* _Task_
Could you restate all of the records below exactly, with the pictures left out?

Extracted records:
BEGIN
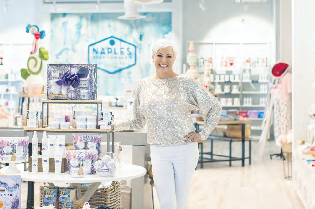 Also, Wallin, the Small Business Development Center at Florida Gulf Coast University Distinguished Entrepreneur for 2024, has overcome long odds before. A nurse by trade, Wallin battled eczema and psoriasis, as did her daughter, for years. None of the products on the market worked to solve the issue. So she created her natural skincare line through a lot of trial and error. Her first store opened in 2009, in a 300-squarefoot spot in Naples. The company now has 13 locations in Florida from the east coast to the Panhandle, Sales have grown along with the store network. The company projects $15 million to $16 million in sales in 2024, according to the investor prospectus, up from $12.3 million in 2023. But that revenue growth has come at a cost: Naples Soap had $1.96 million in short-term debt in its most recent
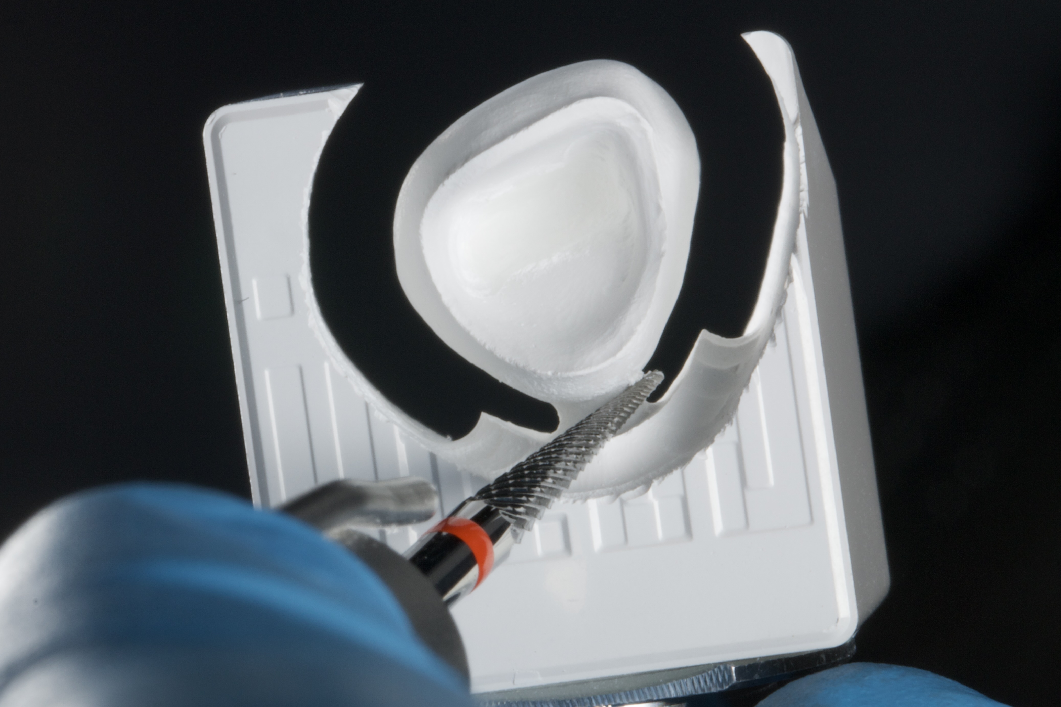High-translucent zirconia blocks for CEREC have recently entered the marketplace. The restorations are milled from pre sintered blocks with slightly enlarged dimensions, compensating for the 20% to 25% material shrinkage that occurs during the final sintering step after milling. This causes less over-milling in the intaglio surface and allows for an exceptional marginal adaptation. With a special chairside furnace and a speed sintering program, the sintering of a single crown can be accomplished within 20 minutes.2
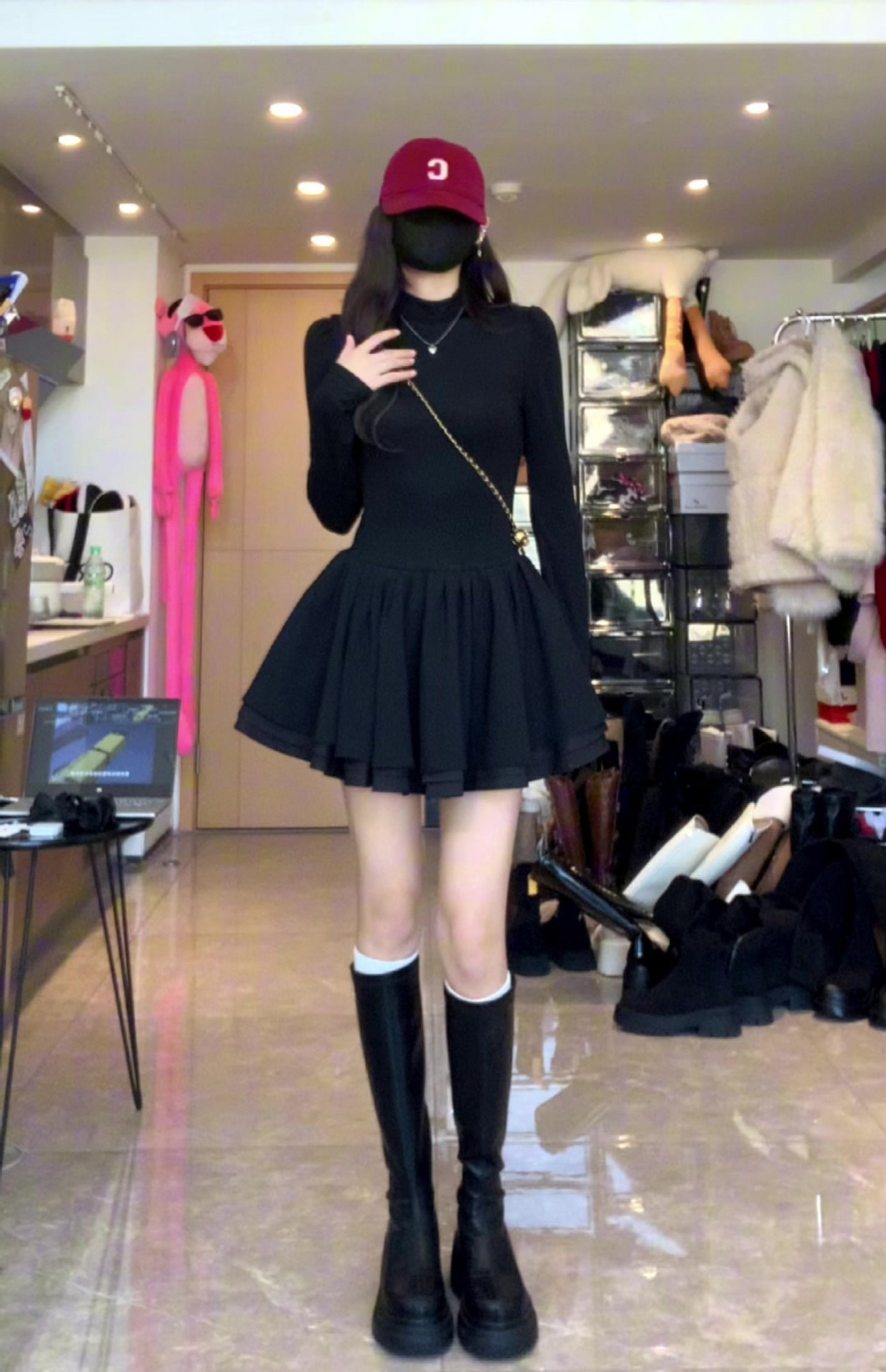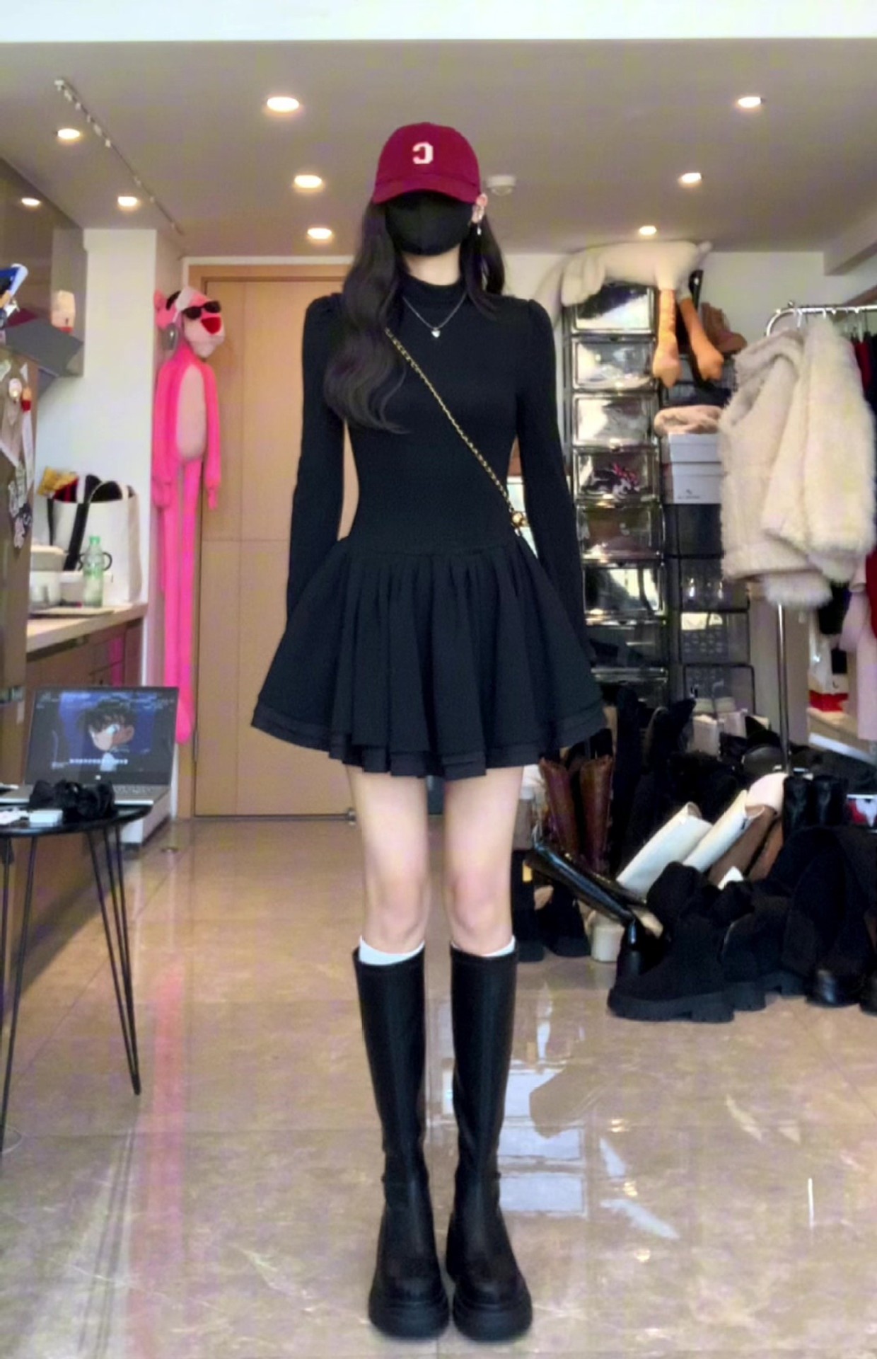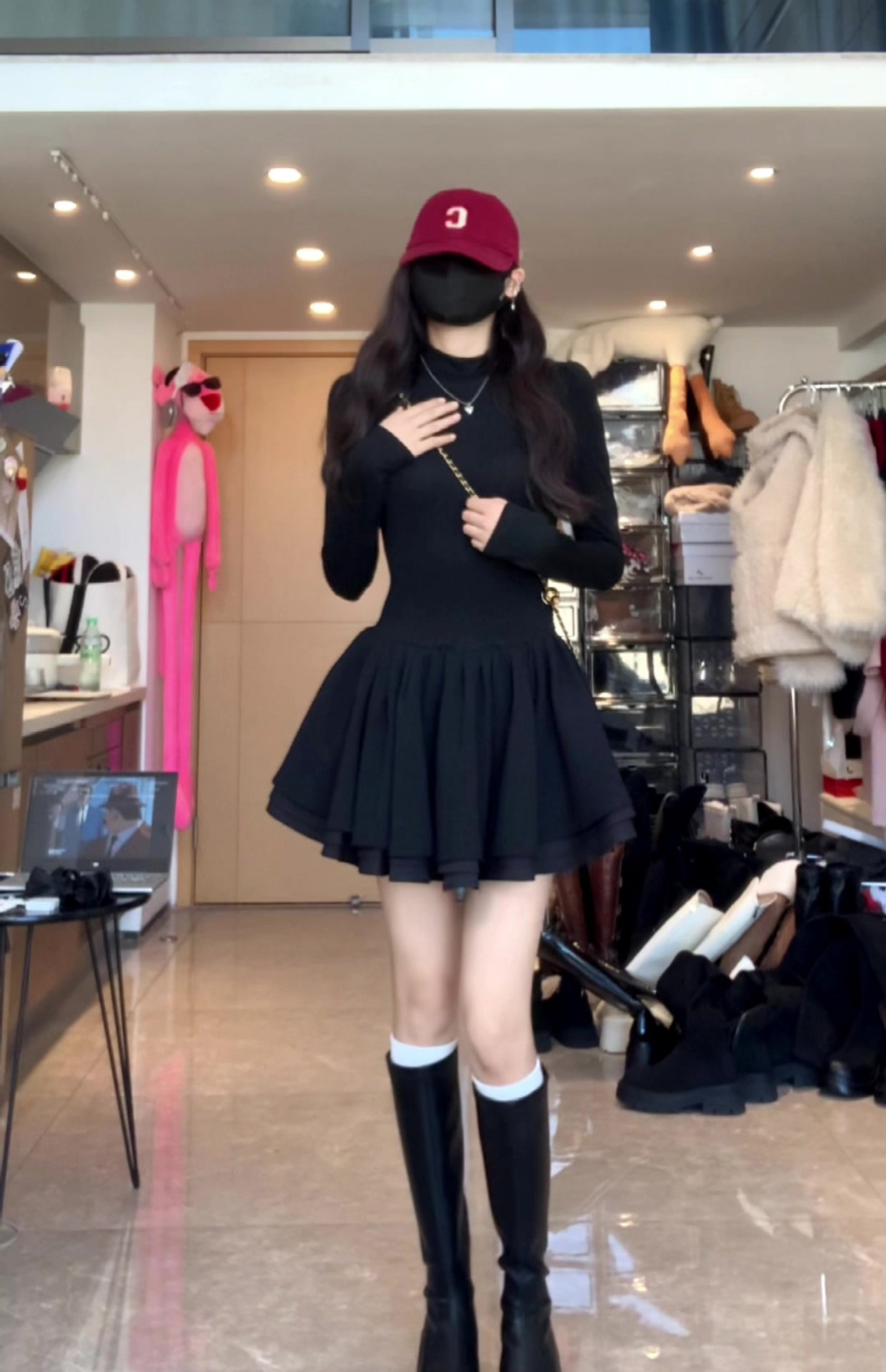 검은 반 높이 칼라 긴 소매 푹신한 짧은 치마 여성의 가을과 겨울 작은 그림을위한 우아한 허리 공주 원피스스토어 가기
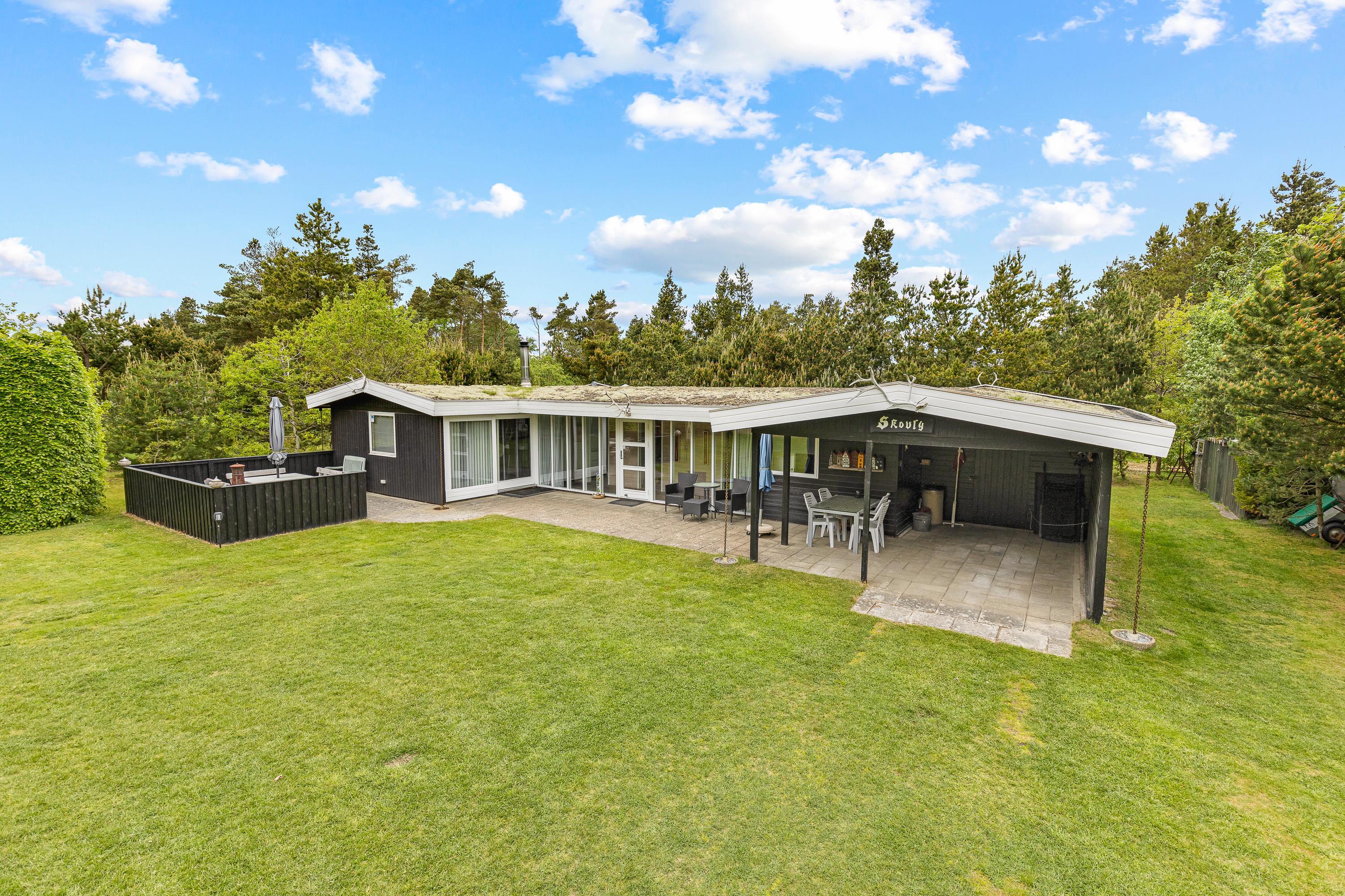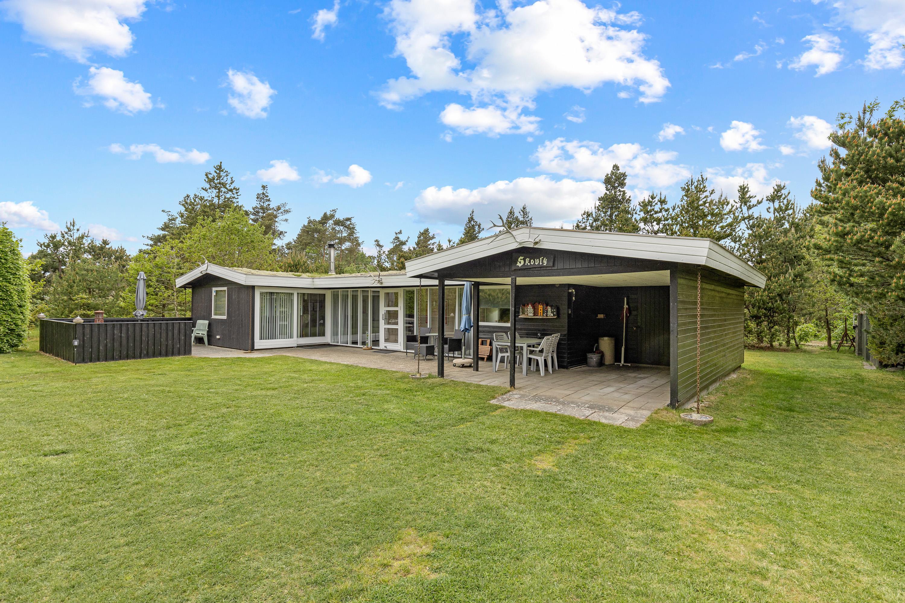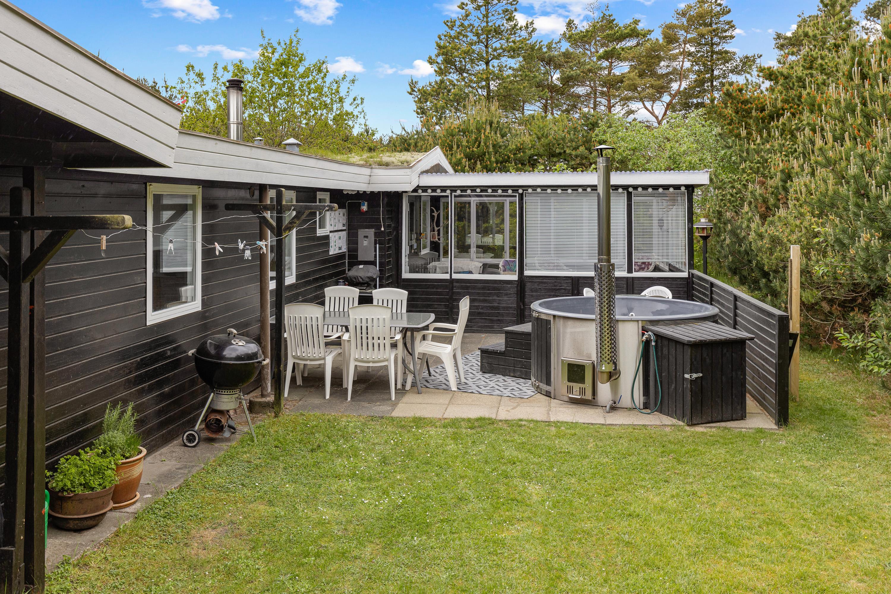 Sommerhuset ligger som et åbent U mod solen og har flere terrasseudgange fx fra stuen og soveværelset. Den store grund tillader masser af lys samtidig med at randbeplantningen giver læ og hygge. Den store græsplæne inviterer i øvrigt alle boldentusiaster til en fodboldturnering.
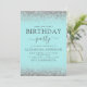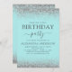 Teal Blue Silver Any Age Birthday Glitter Modern Invitation
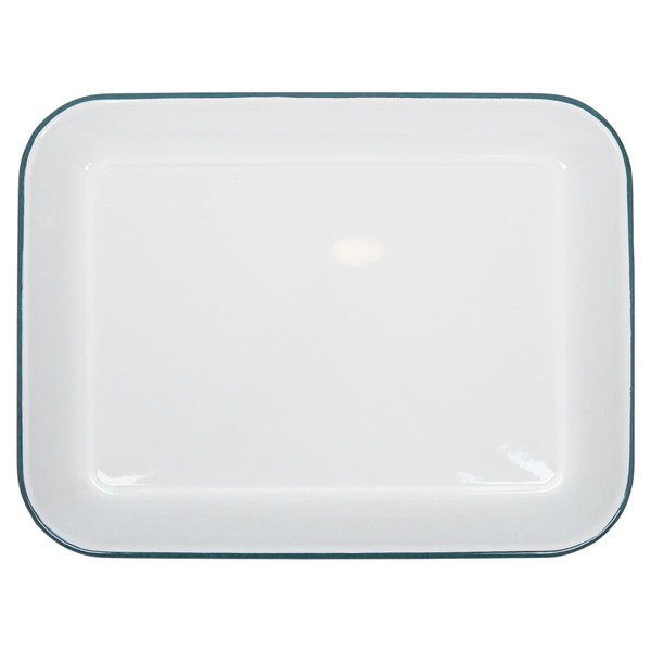 1x Green 34cm x 26cm White Rectangle Enamel Baking Tray - Kitchen Bakeware Tin Oven Bake Roasting Cooking Sheet Trays - by Argon Tableware
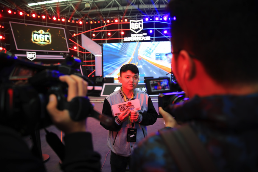 (天天酷跑项目冠军赵根湘接受采访中)
END
* _Solved problem_
 Also, Wallin, the Small Business Development Center at Florida Gulf Coast University Distinguished Entrepreneur for 2024, has overcome long odds before. A nurse by trade, Wallin battled eczema and psoriasis, as did her daughter, for years. None of the products on the market worked to solve the issue. So she created her natural skincare line through a lot of trial and error. Her first store opened in 2009, in a 300-squarefoot spot in Naples. The company now has 13 locations in Florida from the east coast to the Panhandle, Sales have grown along with the store network. The company projects $15 million to $16 million in sales in 2024, according to the investor prospectus, up from $12.3 million in 2023. But that revenue growth has come at a cost: Naples Soap had $1.96 million in short-term debt in its most recent
High-translucent zirconia blocks for CEREC have recently entered the marketplace. The restorations are milled from pre sintered blocks with slightly enlarged dimensions, compensating for the 20% to 25% material shrinkage that occurs during the final sintering step after milling. This causes less over-milling in the intaglio surface and allows for an exceptional marginal adaptation. With a special chairside furnace and a speed sintering program, the sintering of a single crown can be accomplished within 20 minutes.2
 검은 반 높이 칼라 긴 소매 푹신한 짧은 치마 여성의 가을과 겨울 작은 그림을위한 우아한 허리 공주 원피스스토어 가기
 Sommerhuset ligger som et åbent U mod solen og har flere terrasseudgange fx fra stuen og soveværelset. Den store grund tillader masser af lys samtidig med at randbeplantningen giver læ og hygge. Den store græsplæne inviterer i øvrigt alle boldentusiaster til en fodboldturnering.
 Teal Blue Silver Any Age Birthday Glitter Modern Invitation
 1x Green 34cm x 26cm White Rectangle Enamel Baking Tray - Kitchen Bakeware Tin Oven Bake Roasting Cooking Sheet Trays - by Argon Tableware
 (天天酷跑项目冠军赵根湘接受采访中)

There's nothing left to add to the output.